The Fundamental Limits of Structure-Agnostic Functional Estimation

Many recent developments in causal inference, and functional estimation problems more generally, have been motivated by the fact that classical one-step (first-order) debiasing methods, or their more recent sample-split double machine-learning avatars, can outperform plugin estimators under surprisingly weak conditions. These first-order corrections improve on plugin estimators in a black-box fashion, and consequently are often used in conjunction with powerful off-the-shelf estimation methods. These first-order methods are however provably suboptimal in a minimax sense for functional estimation when the nuisance functions live in Holder-type function spaces. This suboptimality of first-order debiasing has motivated the development of "higher-order" debiasing methods. The resulting estimators are, in some cases, provably optimal over Holder-type spaces, but both the estimators which are minimax-optimal and their analyses are crucially tied to properties of the underlying function space. In this paper we investigate the fundamental limits of structure-agnostic functional estimation, where relatively weak conditions are placed on the underlying nuisance functions. We show that there is a strong sense in which existing first-order methods are optimal. We achieve this goal by providing a formalization of the problem of functional estimation with black-box nuisance function estimates, and deriving minimax lower bounds for this problem. Our results highlight some clear tradeoffs in functional estimation -- if we wish to remain agnostic to the underlying nuisance function spaces, impose only high-level rate conditions, and maintain compatibility with black-box nuisance estimators then first-order methods are optimal. When we have an understanding of the structure of the underlying nuisance functions then carefully constructed higher-order estimators can outperform first-order estimators.

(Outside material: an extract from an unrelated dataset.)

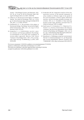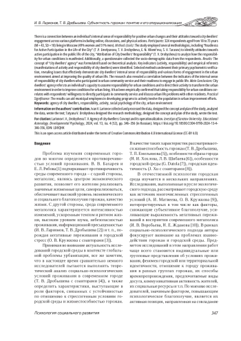 26. Емельянова Т. П., Дробышева Т. В., Викентьева Е. Н., Тарасов С. В. Активность москвичей в городской среде: роль фактора ответственности // Вестник Российского университета дружбы народов. Серия: Психология и педагогика. 2022. Т. 19, № 1. С. 7-20. ,. DOI: 10.22363/2313-1683-2022-19-1-7-20 EDN: ZLJMBK

翻译：因果推断以及更一般的函数估计问题中的许多最新进展，都源于一个事实：经典的一步（一阶）去偏方法，或其更近期的样本分裂双机器学习变体，能够在令人惊讶的弱条件下优于插件估计器。这些一阶校正以黑箱方式改进了插件估计器，因此常与强大的现成估计方法结合使用。然而，当干扰函数位于霍尔德型函数空间时，这些一阶方法在极小化极大意义上已被证明是次优的。一阶去偏的这种次优性推动了“高阶”去偏方法的发展。由此产生的估计器在某些情况下在霍尔德型空间上被证明是最优的，但无论是极小化极大最优的估计器还是其分析，都关键依赖于底层函数空间的性质。在本文中，我们研究了结构无关函数估计的基本极限，即对底层干扰函数施加相对较弱的条件。我们证明，在强意义下，现有的一阶方法是最优的。我们通过形式化带有黑箱干扰函数估计的函数估计问题，并推导该问题的极小化极大下界来实现这一目标。我们的结果突显了函数估计中一些明确的权衡——如果我们希望保持对底层干扰函数空间的无知，仅施加高阶率条件，并保持与黑箱干扰估计器的兼容性，那么一阶方法是最优的。当我们理解底层干扰函数的结构时，精心构建的高阶估计器可以优于一阶估计器。